**The data:**
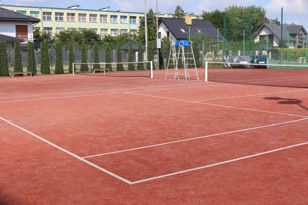 Dwa korty tenisowe o wymiarach 36 m x 18 m brutto o nawierzchni z trawy syntetycznej o powierzchni 1296 m2. Nawierzchnia zbudowana jest z wielofunkcyjnej trawy syntetycznej wypełnionej suszonym i sortowanym piaskiem kwarcowym o granulacji 0.2-0.8 mm 100% polipropylen, odpornej na mróz i wysokie temperatury, ustabilizowane UV, bez skutków ubocznych dla środowiska.
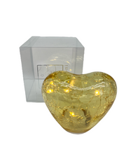 In vetro di colore giallo, il cuore contiene un filo luminoso di luci calde a LED.
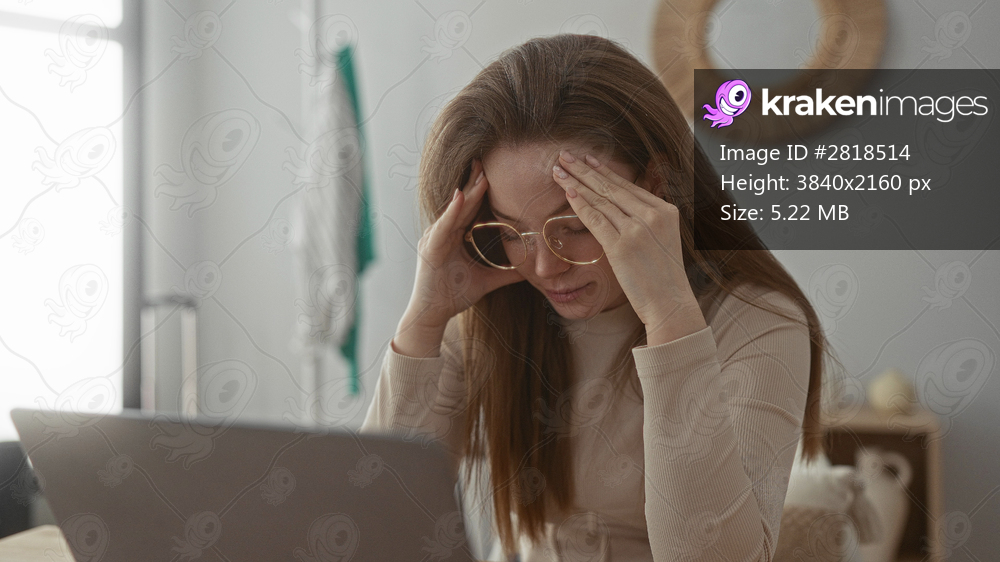 Woman with glasses sitting at a wooden desk pressing her temples while staring at a laptop screen in studio; stress fatigue frustration focus.

**Task brief:** Without the pictures, write out the whole listing above exactly as it appears.

**Result of the task:**
 Dwa korty tenisowe o wymiarach 36 m x 18 m brutto o nawierzchni z trawy syntetycznej o powierzchni 1296 m2. Nawierzchnia zbudowana jest z wielofunkcyjnej trawy syntetycznej wypełnionej suszonym i sortowanym piaskiem kwarcowym o granulacji 0.2-0.8 mm 100% polipropylen, odpornej na mróz i wysokie temperatury, ustabilizowane UV, bez skutków ubocznych dla środowiska.
 In vetro di colore giallo, il cuore contiene un filo luminoso di luci calde a LED.
 Woman with glasses sitting at a wooden desk pressing her temples while staring at a laptop screen in studio; stress fatigue frustration focus.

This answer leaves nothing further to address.